1.Numeric Derivatives(數值法求導)
在某些情況下,只定義一個仿函數是不行的,例如,當殘差的求值涉及調用您無法控制的庫函數時。在這種情況下,可以使用數值微分法。
用戶定義一個仿函數(functor)來計算殘差值,並且構建一個數值微分代價函數(NumericDiffCostFunction)。比如對於 f(x)=10−x 對應函數體如下:
struct NumericDiffCostFunctor {
bool operator()(const double* const x, double* residual) const {
residual[0] = 10.0 - x[0];
return true;
}
};
/*
對比Hello world中的Functor的定義
可以發現,這次沒用模板類。
*/
然后繼續添加Problem
CostFunction* cost_function =
new NumericDiffCostFunction<NumericDiffCostFunctor, ceres::CENTRAL, 1, 1>(
new NumericDiffCostFunctor);
problem.AddResidualBlock(cost_function, nullptr, &x);
對比在Hello World中使用automatic算法
CostFunction* cost_function =
new AutoDiffCostFunction<CostFunctor, 1, 1>(new CostFunctor);
problem.AddResidualBlock(cost_function, nullptr, &x);
可以發現兩種算法在構建Problem時候基本差不多。但是在用Nummeric算法時需要額外給定一個參數ceres::CENTRAL 。這個參數告訴計算機如何計算導數。
更多具體介紹可以參看NumericDiffCostFunction的文檔(http://ceres-solver.org/numerical_derivatives.html?highlight=numericdiffcostfunction)
一般來說,Ceres官方更加推薦自動微分算法,因為C++模板類使自動算法有更高的效率。數值微分算法通常來說計算更復雜,收斂更緩慢。

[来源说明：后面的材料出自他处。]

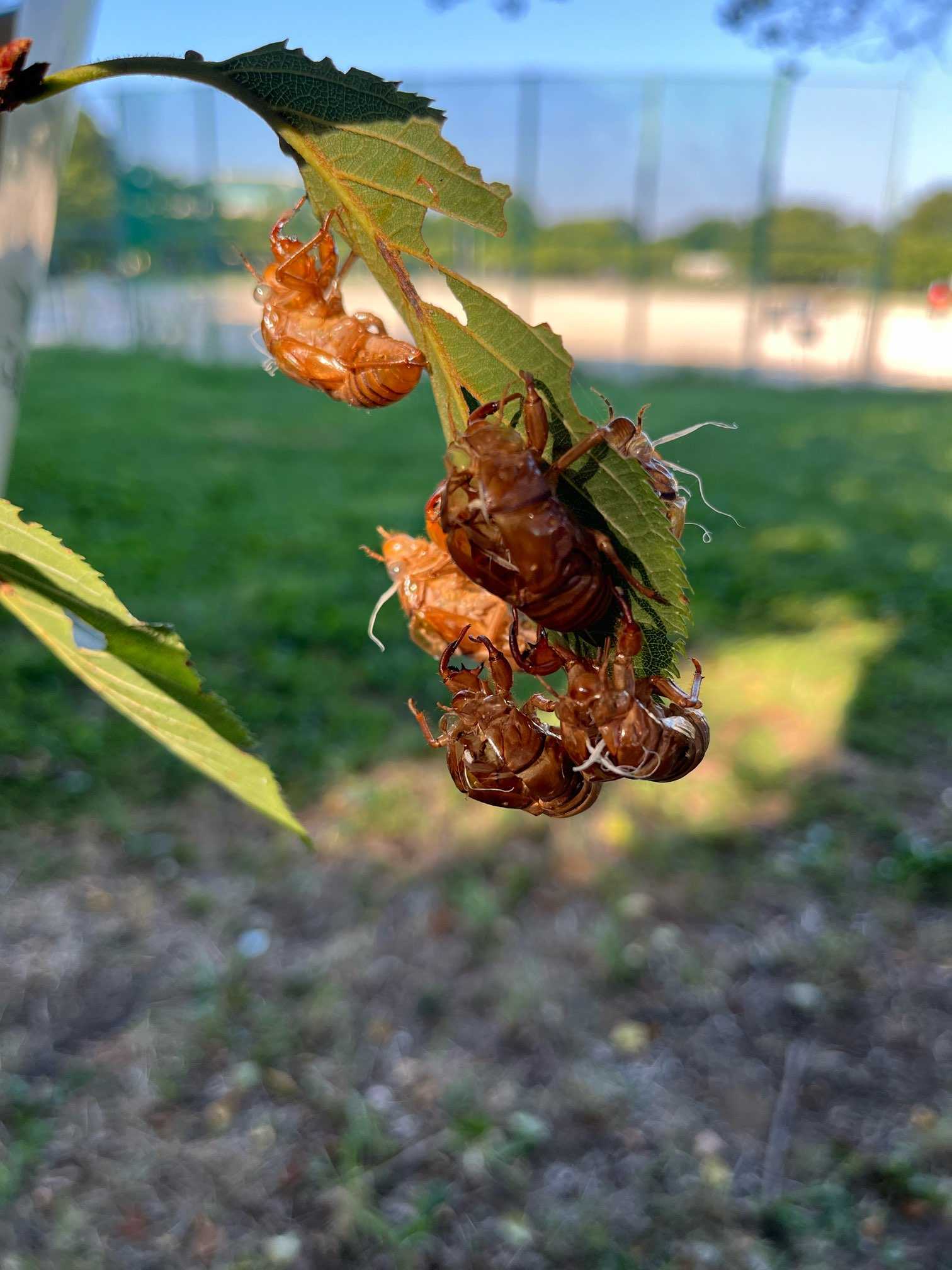 出羽公園の散歩道、今日はセミの脱皮が見れました。

代碼在ceres-solver-1.14.0/examples/helloworld_numeric_diff.cc
#include "ceres/ceres.h"
#include "glog/logging.h"
using ceres::NumericDiffCostFunction;
using ceres::CENTRAL;
using ceres::CostFunction;
using ceres::Problem;
using ceres::Solver;
using ceres::Solve;
// A cost functor that implements the residual r = 10 - x.
struct CostFunctor {
bool operator()(const double* const x, double* residual) const {
residual[0] = 10.0 - x[0];
return true;
}
};
int main(int argc, char** argv) {
google::InitGoogleLogging(argv[0]);
// The variable to solve for with its initial value. It will be
// mutated in place by the solver.
double x = 0.5;
const double initial_x = x;
// Build the problem.
Problem problem;
// Set up the only cost function (also known as residual). This uses
// numeric differentiation to obtain the derivative (jacobian).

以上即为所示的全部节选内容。